ANZ Bank’s Experiment with GitHub Copilot
The trial conducted by the Australia and New Zealand Banking Group (ANZ Bank) involving GitHub Copilot has proven to be a valuable experience for the software engineers, leading to enhanced productivity and code quality within the organization. The successful integration of this AI programming assistant into their production workflows showcases the potential benefits of leveraging such innovative tools in the financial sector.
ANZ Bank, headquartered in Melbourne, undertook an internal trial of GitHub Copilot from mid-June 2023 to the end of July of the same year, involving 100 professionals out of their 5,000 workforce. This six-week trial comprised two weeks of training followed by four weeks of engaging in code challenges to evaluate the impact of GitHub Copilot, integrated with Microsoft Visual Studio Code, on the programmers’ efficiency, code quality, and software security.
The outcomes of the trial were documented in a report titled “The Impact of AI Tool on Engineering at ANZ Bank, An Empirical Study on GitHub Copilot within Corporate Environment.” The report, co-authored by Sayan Chatterjee, an ANZ sky engineer, and Louis Liu, the company’s engineering AI and data analytics capability area lead, references various studies on the productivity of Copilot programming.

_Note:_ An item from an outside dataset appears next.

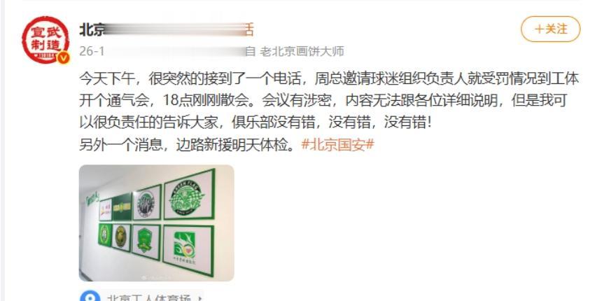 博主北京的晖子在社媒写道:“今天下午,很突然的接到了一个电话,周总邀请球迷组织负责人就受罚情况到工体开个通气会,18点刚刚散会。会议有涉密,内容无法跟各位详细说明,但是我可以很负责任的告诉大家,俱乐部没有错,没有错,没有错!”

Noteworthy findings from the study include the significant increase in productivity by more than 55% as reported by a Microsoft study, emphasizing the efficiency boost achieved through coding with an AI assistant. However, an ACM/IEEE study highlighted a trade-off with Copilot generating more code but potentially compromising on quality compared to human-built programs.
Despite acknowledging the inherent risks associated with AI tools concerning academic integrity, data security, and privacy, ANZ Bank conducted a thorough evaluation in collaboration with legal and security experts to mitigate potential challenges. The study primarily focused on assessing the impact of Copilot on code quality, security, developer productivity, and overall sentiment among participants.
Participants were tasked with solving Python coding challenges, with one group utilizing Copilot while the control group relied on traditional methods like online searches or Stack Overflow. The Copilot users demonstrated a 42.36% faster task completion rate and produced more reliable code with fewer errors, indicating a positive impact on productivity and code quality.
While the study did not yield conclusive data on code security, it noted that Copilot did not introduce significant vulnerabilities into the codebase. Participants appreciated the assistance provided by Copilot in code review, documentation generation, and testing, streamlining their development process and reducing debugging time.
Interestingly, the study revealed that Copilot was beneficial across all proficiency levels but particularly advantageous for expert Python programmers, showcasing its potential to enhance performance on complex tasks. Despite the positive feedback from users, the report suggests room for further improvement in Copilot’s functionality based on the participants’ feedback.
In conclusion, ANZ Bank is inclined to incorporate Copilot into its production processes based on the favorable outcomes observed during the trial. The report indicates a widespread adoption of Copilot within the organization, with ongoing research to delve deeper into its impact on performance. However, it is essential to consider the contrasting views within the research community regarding the impact of AI support on source code quality.